OBT'S RECOVERY CHALLENGE

BTN'S 2022 ESSENTIAL GUIDE
TO ONLINE BOOKING TOOLS

Companies’ post-covid travel strategies will look to leverage booking tools in new ways

BY CHRIS DAVIS

The first steps by many companies out of pandemic-era work restrictions toward a new normal are underway: Some offices are reopening, some mask regulations are disappearing, and business travel willingness and volume appear to be on the rise. But after a two-year bout with the effects of Covid-19, there’s no real consensus on how business operations, and business travel, will look in this new normal. What is clear, though, is that whether organizations look to hew as must to 2019 strategy as possible, create an entirely new hybrid and remote structure or something in between, they very likely will require their online booking tool to play a key role in strategy dissemination and enforcement.

And therein lies the challenge for online booking tools in 2022. Corporations will have many paths to choose from in designing a new post-Covid travel program and many potential policies to implement to further that strategy, and it will be up to booking tool suppliers to ensure the technology is flexible enough to accommodate all of them. 

For example, some companies have developed or are considering policies that permit only those employees fully vaccinated against Covid-19 to travel for business or attend meetings in person.

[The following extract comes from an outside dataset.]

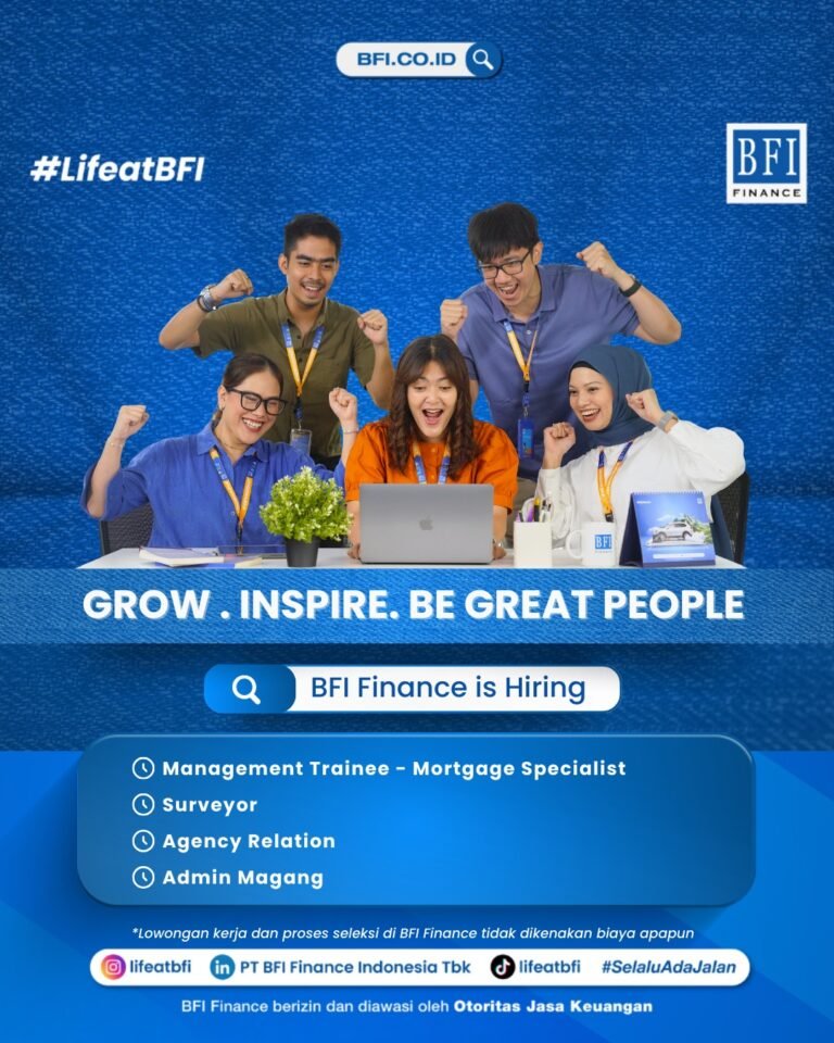 LOKER.BALINEWS.ID, DENPASAR – BFI Finance, salah satu perusahaan pembiayaan terkemuka di Indonesia, saat ini sedang membuka kesempatan berkarier bagi putra-putri terbaik di Bali untuk bergabung dalam tim mereka. Perusahaan membuka berbagai posisi strategis meliputi Management Trainee – Mortgage Specialist, Surveyor, Agency Relation, hingga Admin Magang. Program rekrutmen ini mengusung semangat “Grow, Inspire, Be Great People” dan memastikan seluruh proses seleksi tidak dipungut biaya apa pun.

While approaches to enforcing that policy vary, the online booking tool likely would serve as a key component, allowing booking only to eligible employees. Tammy Krings, founder and CEO of travel management company ATG, last fall told BTN that the company’s profile management system interfaces with online booking tools to allow bookings only if the appropriate profile field includes vaccination information.

Additionally, online booking tools likely will need to be part of new structures that require additional approval to travel. According to a survey conducted Sept. 20-Oct. 3, 2021, of 161 U.S. and Canadian member corporate travel managers surveyed by the Global Business Travel Association in research sponsored by booking tool supplier Serko, more than 40 percent of those respondents who require manual approval of business travel now require the approval of multiple people. The booking tool would be a factor in the enforcement of this policy, limiting booking to those who have received the approval.

Some post-pandemic policy trends extend to the booking tool itself. According to the GBTA/Serko survey, 71 percent of travel manager respondents indicated their companies have implemented stricter booking-related policies during the pandemic, and 46 percent said reducing “leakage”—employee travel bookings outside of preferred channels—was a “greater” or “much greater” priority than it was before the pandemic. Another 40 percent said it held the same priority.

A world in which corporations are creating policies to funnel more bookings through online booking tools should also be a world in which the online booking tools are inviting hubs for employees, easy to use with all requisite content. But for years some buyers and travelers alike have pointed to clunky user experiences with inconsistent technology and limited content, underwhelming users accustomed to leisure-focused consumer travel booking tools. It will be another challenge to booking tool suppliers to ensure the user experience is such that it can attract—or at least not repel—employee users to remain in channel compliance. 

Part of that challenge will be to impart to users new sources of information. Users could need to know international or local travel restrictions and regulations related to Covid-19, as well as the carbon-emission effects of their planned travel route. For some companies, the latter could well prove one more challenge to the online booking tool—helping users decide whether to travel at all.